(ACTIVITY) When the line containing "在配置上云游房车也并没有让人" appears in the entries below, begin printing there and stop after the line containing "不管你的选择是主流中级车全新"; print each of those lines exactly and no other line.

(PROVIDED RECORDS)
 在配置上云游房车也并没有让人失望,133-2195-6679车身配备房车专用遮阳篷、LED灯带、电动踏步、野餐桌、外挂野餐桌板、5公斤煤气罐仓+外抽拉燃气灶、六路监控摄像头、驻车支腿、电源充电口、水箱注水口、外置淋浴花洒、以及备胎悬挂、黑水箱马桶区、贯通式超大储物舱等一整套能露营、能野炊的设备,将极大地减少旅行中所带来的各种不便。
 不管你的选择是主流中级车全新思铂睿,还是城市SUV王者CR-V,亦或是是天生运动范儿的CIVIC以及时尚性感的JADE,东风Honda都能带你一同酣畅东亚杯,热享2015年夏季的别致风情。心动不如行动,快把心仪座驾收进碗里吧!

==

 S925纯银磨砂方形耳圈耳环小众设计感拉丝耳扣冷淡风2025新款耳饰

==

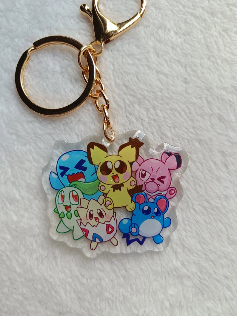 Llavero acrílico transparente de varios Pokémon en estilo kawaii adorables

(SOLUTION FOR THIS EXERCISE)
 在配置上云游房车也并没有让人失望,133-2195-6679车身配备房车专用遮阳篷、LED灯带、电动踏步、野餐桌、外挂野餐桌板、5公斤煤气罐仓+外抽拉燃气灶、六路监控摄像头、驻车支腿、电源充电口、水箱注水口、外置淋浴花洒、以及备胎悬挂、黑水箱马桶区、贯通式超大储物舱等一整套能露营、能野炊的设备,将极大地减少旅行中所带来的各种不便。
 不管你的选择是主流中级车全新思铂睿,还是城市SUV王者CR-V,亦或是是天生运动范儿的CIVIC以及时尚性感的JADE,东风Honda都能带你一同酣畅东亚杯,热享2015年夏季的别致风情。心动不如行动,快把心仪座驾收进碗里吧!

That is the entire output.